Around 9:30AM there was a black Harley-Davidson in the Loading Zone. Kind of a spiffy delivery vehicle, eh? But then I noticed the Illinois license plate on it: BLU NYT. (Click on the image to enlarge it; then click on the Back button on your browser to come back here.)
To a lot of people the plate might mean not anything, but any motorcycle-riding cop would recognize it as indicating the Blue Knights, a motorcycle group with membership limited to active-duty and retired law enforcement officers. After I entered the courthouse, I asked one of the court security officers (CSO) who enforced the Loading Zone in the parking lot, and he told me, "The Woodstock Police Department."
I went on to the third floor and, after a few minutes, I looked out through the west windows and could see that the motorcycle had been moved. When I got back to the parking lot, a friend told me that a uniformed officer with a white shirt had just moved the motorcycle and hadn't looked too happy about it. I had passed him on foot, and my friend was right; the CSO didn't look very happy.

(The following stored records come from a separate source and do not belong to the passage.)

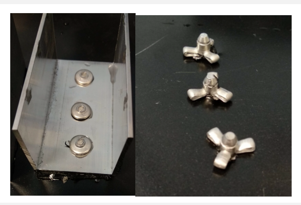
Application example 2: detail showing mounting on sheet metal to test watertightness
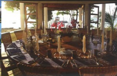
CLOCKWISE FROM LEFT Ariara's deck and infinity pool, dinner with a view, the island in all its verdant glory
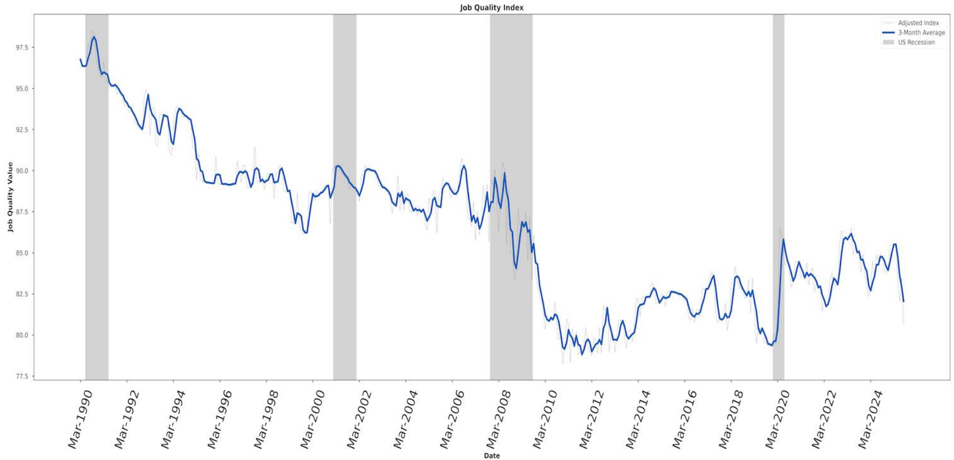
Chart 3: The U.S. Job Quality Index from Inception to August 2025 (Reported as 3-month moving average, monthly readings in blue, recessions shown in grey)
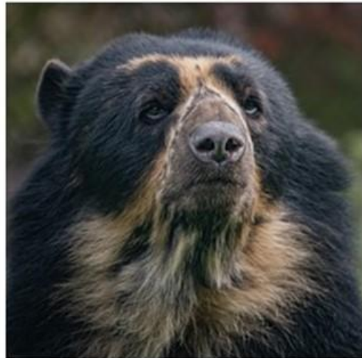
Pictured: Andean bear Oberon.
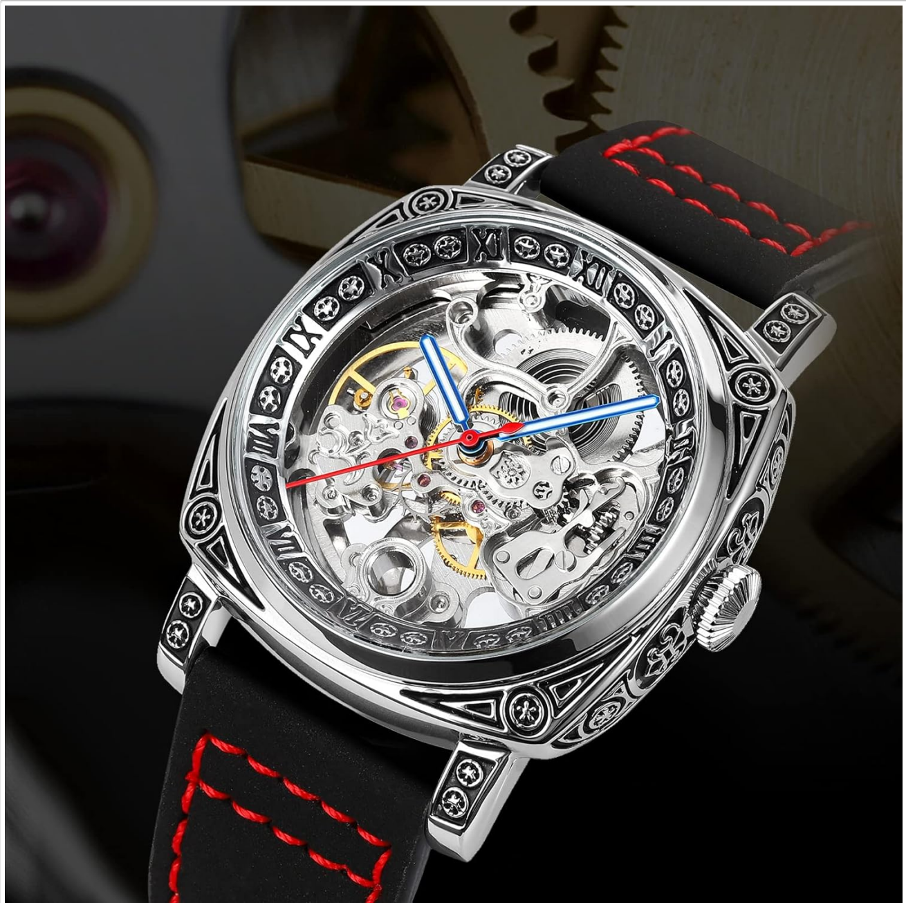
Figure 2: Watch crown for winding and setting time

The crown is used for both manual winding and setting the time. Ensure it is fully pushed in after setting to maintain water resistance.
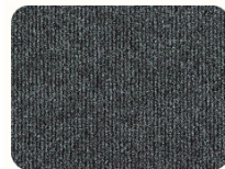
Frost Grey 2067
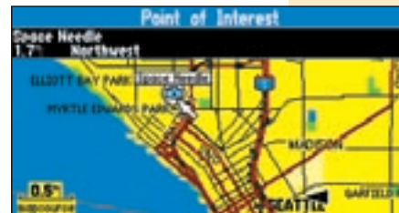
Screen shown with MapSource™ City Navigator data

Use the "find" feature to select an attraction or point of interest**
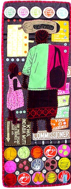
Potato Lady w/ Child YDA-POTATOLADY
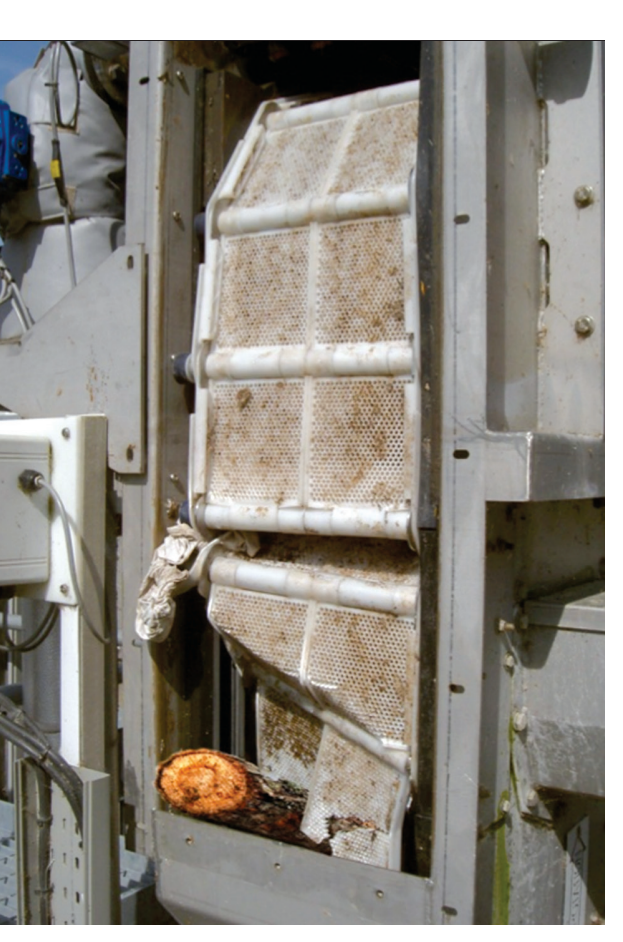
Damaged inlet screen

Bosker rakes can be customised, and are easy to retrofit into existing works without expensive modifications. They have many advantages over conventional trashrakes, which may need extensive civil works and have limited ability to remove oversize, awkward or fibrous debris.
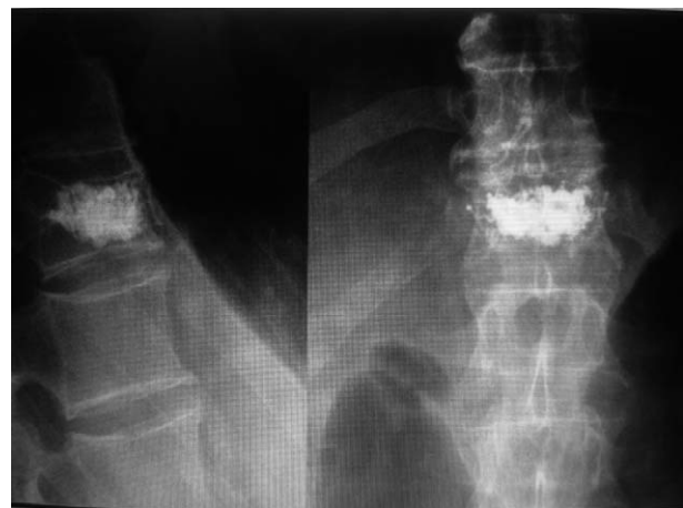
Fig. 3. Postoperative X-rays showing cement leakage anteriorly after bipedicular kyphoplasty procedure.
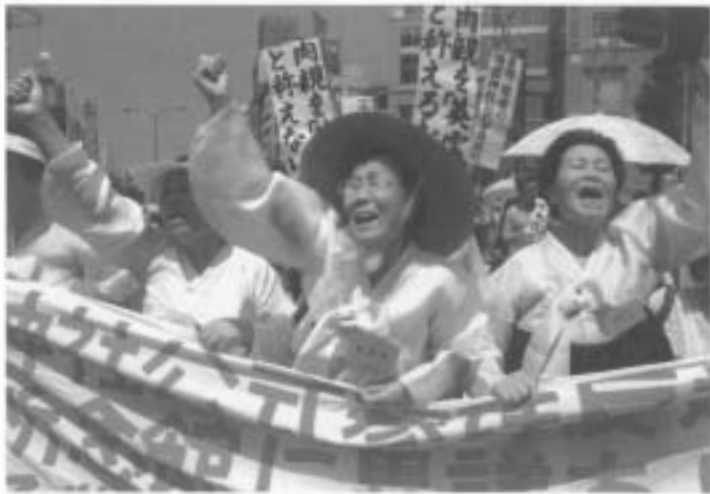
South Korean former "comfort women" used as sex slaves by the Japanese Imperial Army during the Second World War demand compensation and redress.

AI is also seeking to bring to public attention the effect on women of the widespread arrest and
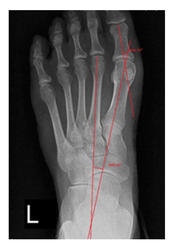
Figure 1. Before KT (IMA: 11 HVA: 21)

The MOXFQ assessment showed significant differences between KT and PH in none of the interval assessments, including baseline, immediately following the interventions and within two months. Similar to pain, the MOXFQ improved by the time in general (P-value<0.001); however, this trend was not dependent on the type of the intervention (P-value=0.84), and the comparison of the in-
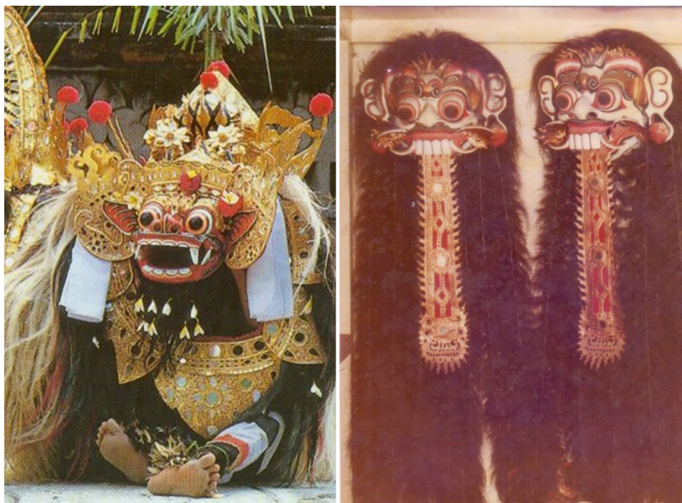
Photo 4 Barong and rangda — kriya in the concept of rwa bhineda (good and evil).
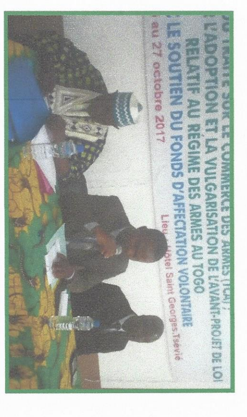
Workshop of Maritime Region (2) in Tsévié from 25 to 27 October 2017

So the question is, why would a uniformed CSO on duty at the front entrance to the courthouse have parked his motorcycle in the Loading Zone, where parking is clearly prohibited? Was he late for work? Did he want it parked "up front" where he could keep an eye on it from the front entrance? Did he feel "entitled" to park there, because he thought he could do so with impunity? It's a motor vehicle; that's all it is. It belongs legally parked.

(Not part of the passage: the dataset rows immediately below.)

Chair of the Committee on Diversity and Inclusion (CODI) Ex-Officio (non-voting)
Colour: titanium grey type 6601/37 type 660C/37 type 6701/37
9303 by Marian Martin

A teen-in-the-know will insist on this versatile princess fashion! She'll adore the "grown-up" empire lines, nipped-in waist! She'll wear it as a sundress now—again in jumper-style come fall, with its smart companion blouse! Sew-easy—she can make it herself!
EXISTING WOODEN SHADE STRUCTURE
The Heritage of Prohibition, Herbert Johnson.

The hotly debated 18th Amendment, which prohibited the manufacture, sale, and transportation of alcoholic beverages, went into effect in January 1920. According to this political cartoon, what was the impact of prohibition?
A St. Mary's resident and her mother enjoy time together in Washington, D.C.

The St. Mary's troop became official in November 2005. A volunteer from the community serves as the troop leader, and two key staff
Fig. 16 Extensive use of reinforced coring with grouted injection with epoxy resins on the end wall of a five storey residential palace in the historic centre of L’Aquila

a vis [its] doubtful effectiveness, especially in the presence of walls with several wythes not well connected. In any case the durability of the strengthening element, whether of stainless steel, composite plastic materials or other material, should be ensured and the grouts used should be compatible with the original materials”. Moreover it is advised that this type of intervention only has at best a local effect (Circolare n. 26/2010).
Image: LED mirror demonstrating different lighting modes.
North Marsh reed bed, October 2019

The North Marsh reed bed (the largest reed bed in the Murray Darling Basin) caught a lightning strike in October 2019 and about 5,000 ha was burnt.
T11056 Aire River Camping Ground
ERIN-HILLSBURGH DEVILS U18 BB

Recently I wrote about how cops (and other law enforcement types) ought to be the first to obey the laws, not the last. Had a Woodstock police officer circulated through the parking lot this morning, would he have stopped and ticketed the motorcycle?
Although someone posted a comment to a different article not too long ago that the Woodstock Police Department does not enforce violations on the government center parking lot, it does. The CSOs know it; the City of Woodstock knows it, and its police officers know it.
Whether or not they "patrol" it, looking for violations, is a different story. They should. Whether they do or not, I don't know. Do they ticket stop-sign runners? Handicap parking violators? Parking space violators?
They definitely should not need to enforce parking laws against employees of the Sheriff's Department. I know from experience that cops do not like to ticket other cops.